Un nom d’utilisateur et un mot de passe. Cela n’a pas forcément l’air de grand-chose. Et il peut être difficile d’imaginer ce que pourraient réussir avec cela des cybercriminels. Pour autant, plus ou moins difficilement et furtivement selon les mécanismes de sécurité en place dans l’organisation, ils peuvent aller loin, très loin, et commettre des dommages difficilement réparables. Comme avec le déclenchement d’un ransomware.
Certains attaquants l’ont expliqué à leurs victimes : « nous avons trouvé un login pour [votre serveur d’accès à distance] ». De là, ils ont poursuivi leur chemin dans le système d’information jusqu’à réussir à mettre la main sur un contrôleur de domaine, à partir duquel ils ont pu déployer leur rançongiciel sur l’ensemble des machines lui étant raccordées, pour ensuite les chiffrer et les prendre en otage.
L’utilisation de l’authentification à facteurs multiples (MFA) est d’ailleurs régulièrement recommandée par les cybercriminels à leurs victimes, tout particulièrement pour les systèmes permettant d’accéder à distance au système d’information et à ses ressources.
C’est pour cela qu’il peut être nécessaire, parfois, de recourir à une réinitialisation généralisée des mots de passe.

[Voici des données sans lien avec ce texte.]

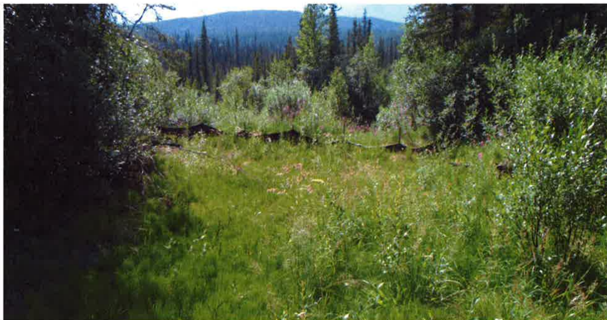
Photograph 10: Re-vegetation on drill access road in the Events Pond area.

Certes, le renouvellement global de mots de passe est plus courant dans les environnements Windows que les autres. Mais pour Benjamin Delpy, créateur de Mimikatz, « cela peut être une posture prise, par précaution, lors d’une suspicion de compromission de comptes à privilèges », susceptible d’avoir conduit, ou de conduire, à la compromission d’un contrôleur de domaine.

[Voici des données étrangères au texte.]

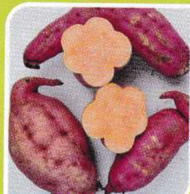
Figure 1: /1aa (SPK004/6)

Plant 1 vine per hole and 30 cm apart along the ridges.
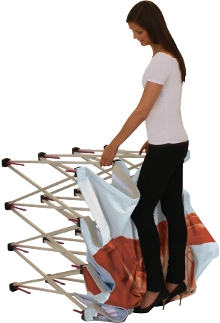
Open the frame outwards.
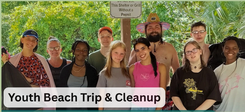
Youth Beach Trip & Cleanup

Dans le meilleur des cas, ce qui peut conduire à une telle décision, c’est l’observation d’un déplacement latéral, « ou même, la connaissance de la compromission d’un mot de passe à privilège, ou de l’accès à un hôte avec un compte à privilège déjà connecté ». Car les données de persistance de l’authentification sont alors stockées en mémoire vive et peuvent y être collectées avec un outil tel que Mimikatz, à l’instar d’un jeton Kerberos ou d’un condensat – ou hash – NTLM.

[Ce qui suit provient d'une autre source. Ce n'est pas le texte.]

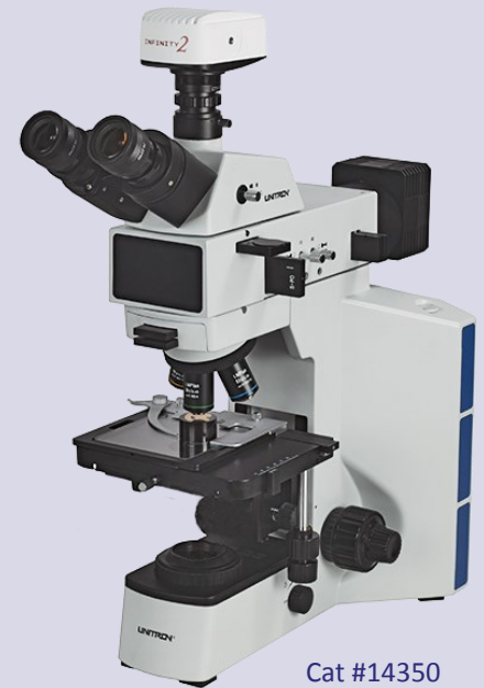
Cat #14350 Reflected (Shown with camera)

Lancer une réinitialisation des mots de passe et demander à ses utilisateurs d’en définir un nouveau rapidement peut donc constituer une mesure de précaution, « en cas de doute, même non confirmé ». Mais ce n’est pas forcément le cas le plus probable, en particulier lorsque l’opération est lancée dans une grande organisation. Car à partir d’une certaine échelle, « le coût devient énorme ».
En décembre 2019, l’université Justus-Liebig, à Gießen, avait enclenché une telle procédure, allant même jusqu’à redistribuer manuellement, sur papier, les mots de passe des comptes de ses 38 000 utilisateurs, étudiants, enseignants, chercheurs et personnels administratifs. À l’époque, pour autant, aucun chiffrement de données ni nom de maliciel n’avait encore été évoqué. Rien moins que 1 200 clés USB de démarrage, sous Linux, avaient toutefois été déployées pour identifier les postes compromis à l’aide de règles Yara, développées à partir d’échantillons découverts à l’occasion d’une première analyse de l’environnement.
Plus récemment, à l’automne 2020, Air France-KLM a engagé une opération de renouvellement massive de mots de passe motivée par un « risque élevé de cyberattaque ». Au printemps, les équipes informatiques d’UniLaSalle ont procédé à une réinitialisation massive des mots de passe. L’école d’ingénieurs venait d’être frappée par le ransomware Ryuk.